Lá chegando, o espantado Dadú foi abraçado bem apertado, beijado e acariciado várias vezes. Da. Ignês também, assim como Tétéu, sua irmã. Surpresos, perguntavam O que aconteceu? Respondia: Depois eu conto.

O jantar foi rápido. Todos queriam saber, mas não adiantou.  Repetia: Depois eu conto.

Após a novela deu Boa Noite geral e pediu a Dadú para ir junto.

Já no quarto, sentou-se na poltrona de dois e falou de seu plano para terem um filho. Ele ouviu balançando a cabeça e murmurando Incrível, loucura! Ao termino da fala da Li sugeriu que era preciso ouvir Da. Ignês e Tetéu. O viver mudaria aumentando a responsabilidade de todos. Li concordou, chamou a mãe e a irmã, contou o que pretendia fazer esperando a aprovação delas. Durante dias a resistência foi ferrenha. Sua mãe a chamava de louca sonhadora, manipuladora e de outras coisas na intimidade. Aguerrida, Li, aos poucos, foi vencendo obtendo, ao final, a aprovação das suas ideias. Não foi com o entusiasmo e alegria de todos, mas mesmo assim ficou contentíssima. Avisou que falaria com o Dr. Denis pedindo orientação sobre como proceder. Da. Ignês só lamentava a ausência de Tonico, seu falecido marido. Tétéu comentou Vó, você pensa que vovô ia aceitar? Acredito que não. Foi o único comentário meio opositor, dissonante.

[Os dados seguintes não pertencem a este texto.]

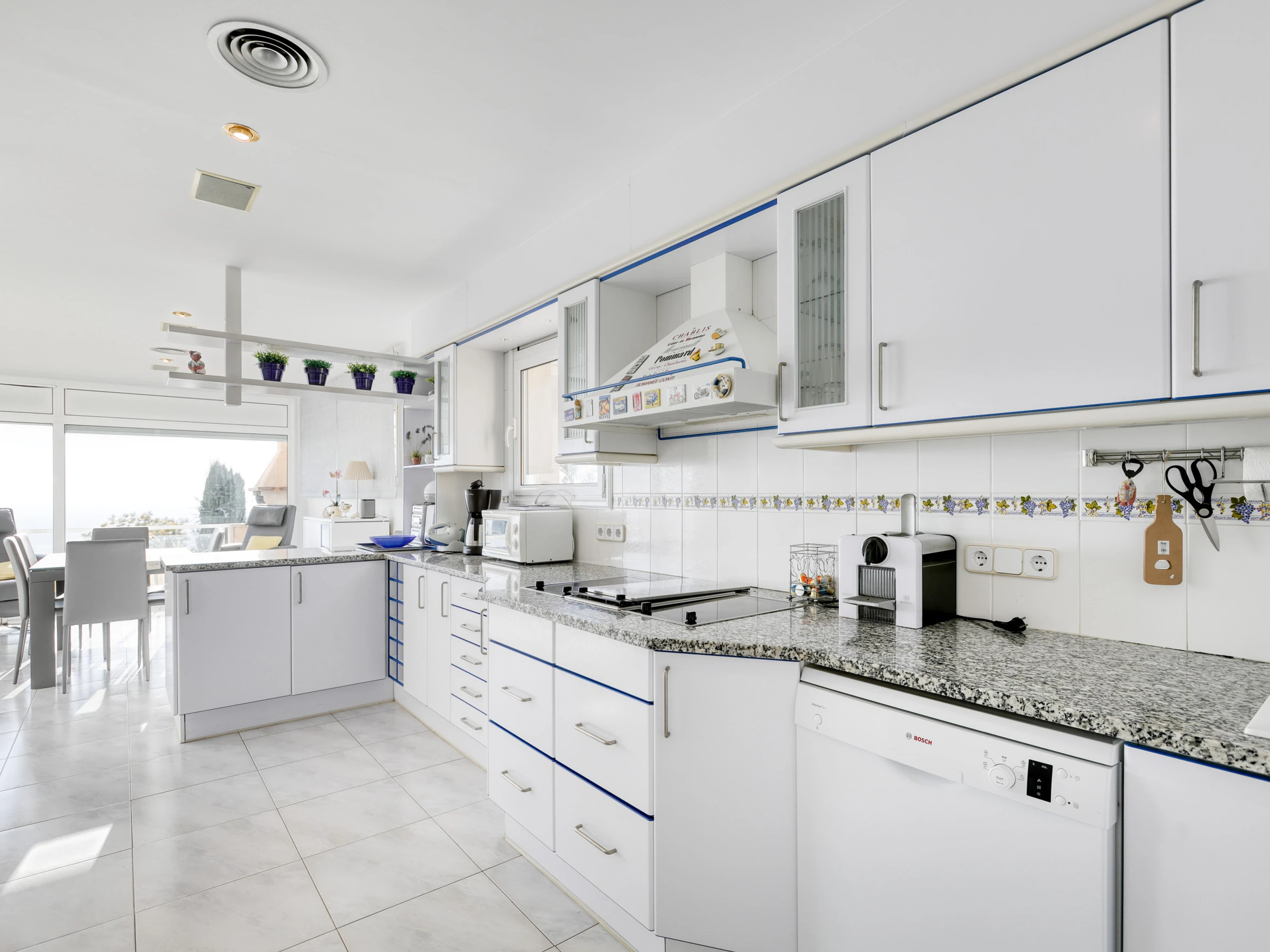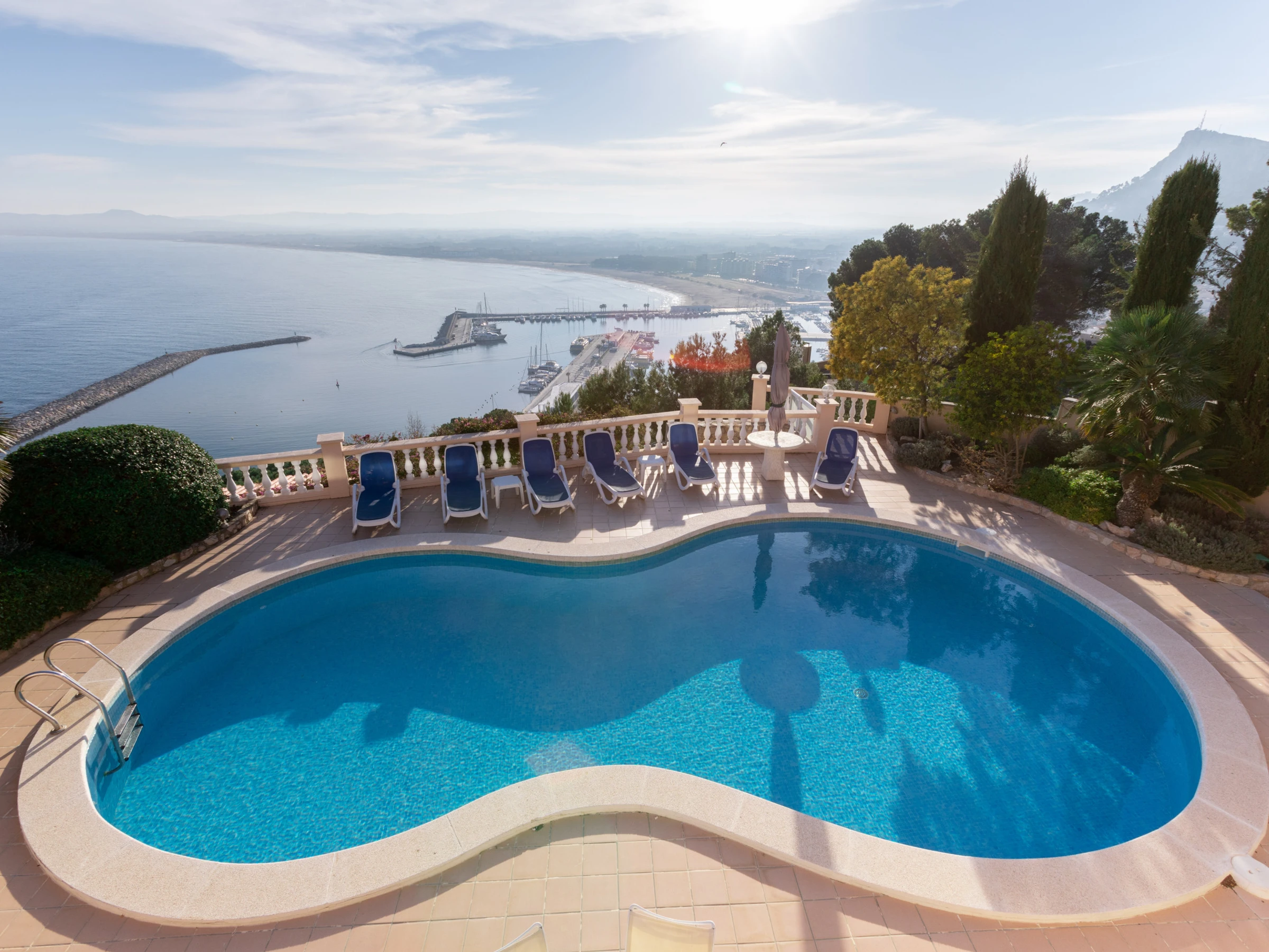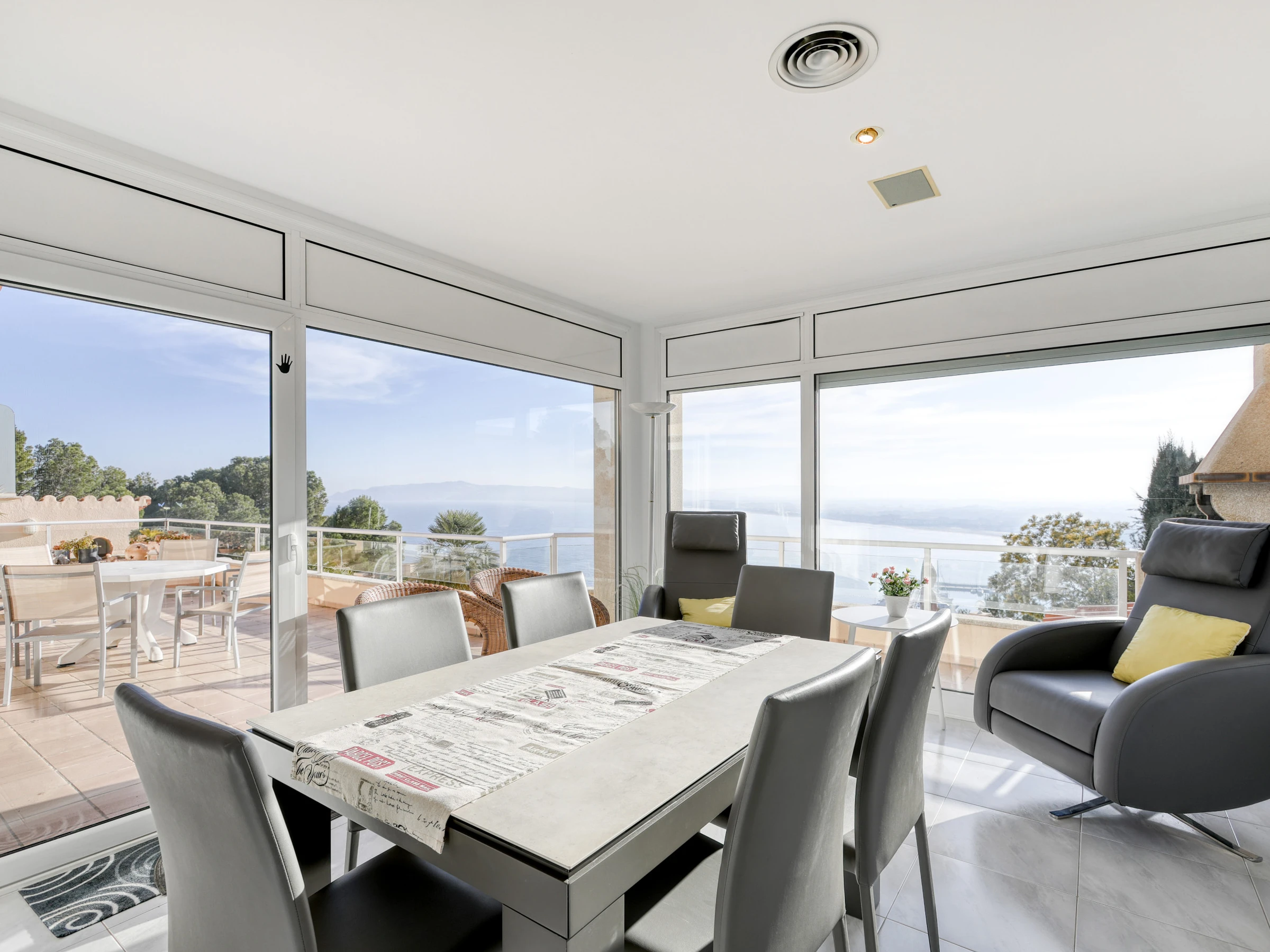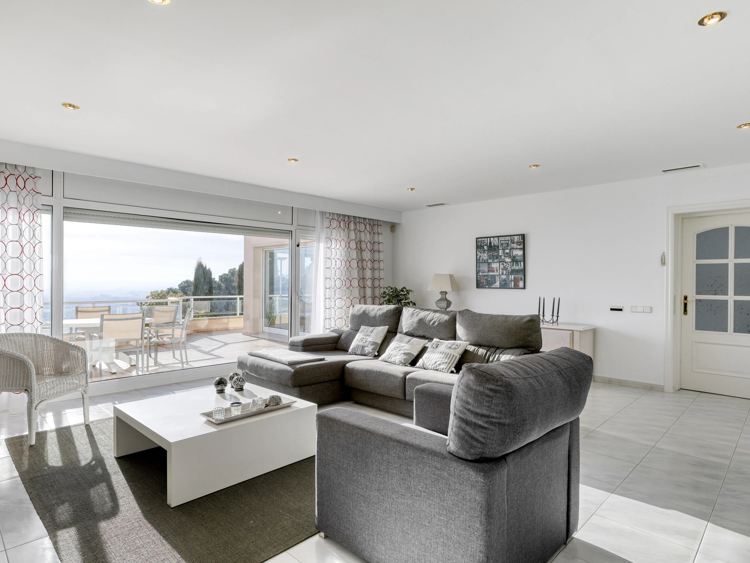 With an area of 312 m², the villa has been designed to guarantee spaciousness, comfort and luminosity in every corner. It has 3 bedrooms and capacity for 6 people, an elegant living room with direct access to sunny terraces, garden with outdoor furniture and private pool with sea views. In addition, it offers barbecue area, fenced plot and two outdoor parking spaces, all in a serene environment surrounded by mountains.

Para felicidade geral o procedimento efetuado foi um sucesso. Decorrido o tempo certo nasceu Flávia, menina sadia, a cara de Da. Ignês. A vida de todos mudou. Flávia recebia tantas atenções que a ama de leite dizia que ela era a TV da família.

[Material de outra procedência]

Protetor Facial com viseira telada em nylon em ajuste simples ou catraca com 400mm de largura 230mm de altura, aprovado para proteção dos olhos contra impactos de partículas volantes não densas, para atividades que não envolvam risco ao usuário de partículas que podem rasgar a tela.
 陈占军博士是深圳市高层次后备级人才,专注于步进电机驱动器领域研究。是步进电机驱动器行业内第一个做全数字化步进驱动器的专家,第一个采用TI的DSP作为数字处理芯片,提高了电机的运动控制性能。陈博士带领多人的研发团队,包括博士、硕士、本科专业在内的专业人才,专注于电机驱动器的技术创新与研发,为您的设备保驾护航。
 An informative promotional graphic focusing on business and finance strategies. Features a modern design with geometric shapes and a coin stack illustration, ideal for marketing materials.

Nem tudo eram rosas, porém. Li não estava totalmente satisfeita. Representava contentamento. Estava vendo que qualquer dia atiraria com a albarda ao ar. Isso aconteceu quando disse a Dadú que Da. Ignês deveria ir morar sozinha, sair da casa deles. Ele foi raivoso em sua fala contrária.

Não concordo e ponto final! - gritou.

— Você não tem querer neste assunto. Eu estou pondo ponto final na sua deslealdade. Pensa que eu não sei do caso de vocês dois aproveitando-se das idas ao médico, ao laboratório, caso que dura até hoje? Os exercícios da mamãe na academia de ginástica? As suas reuniões, seo Dadú, com clientes à tarde várias vezes por semana coincidindo com as aulas da mamãe? Você, bucaneiro de marca, comigo já falhando no preparo do tiro? Suas idas ao motel bem escondidinho na paralela da Marginal? Vocês pensaram que eu era cega? Que não via mamãe esfregar a bunda em você?

Li, não fala assim!

— Falo como quiser e digo mais: se não concordar com a saída da mamãe eu faço um baita escândalo e ponho vocês dois pra fora!. Ponho mesmo! Estou sendo clara?

Está.

— Então diga que concorda.

Concordo.

— E, Dadú, não se esqueça: tenha sempre presente que você FOI. NÃO SERÁ DE NOVO. LEMBRE *.


Mas conviveram por muitos anos. Simples assim.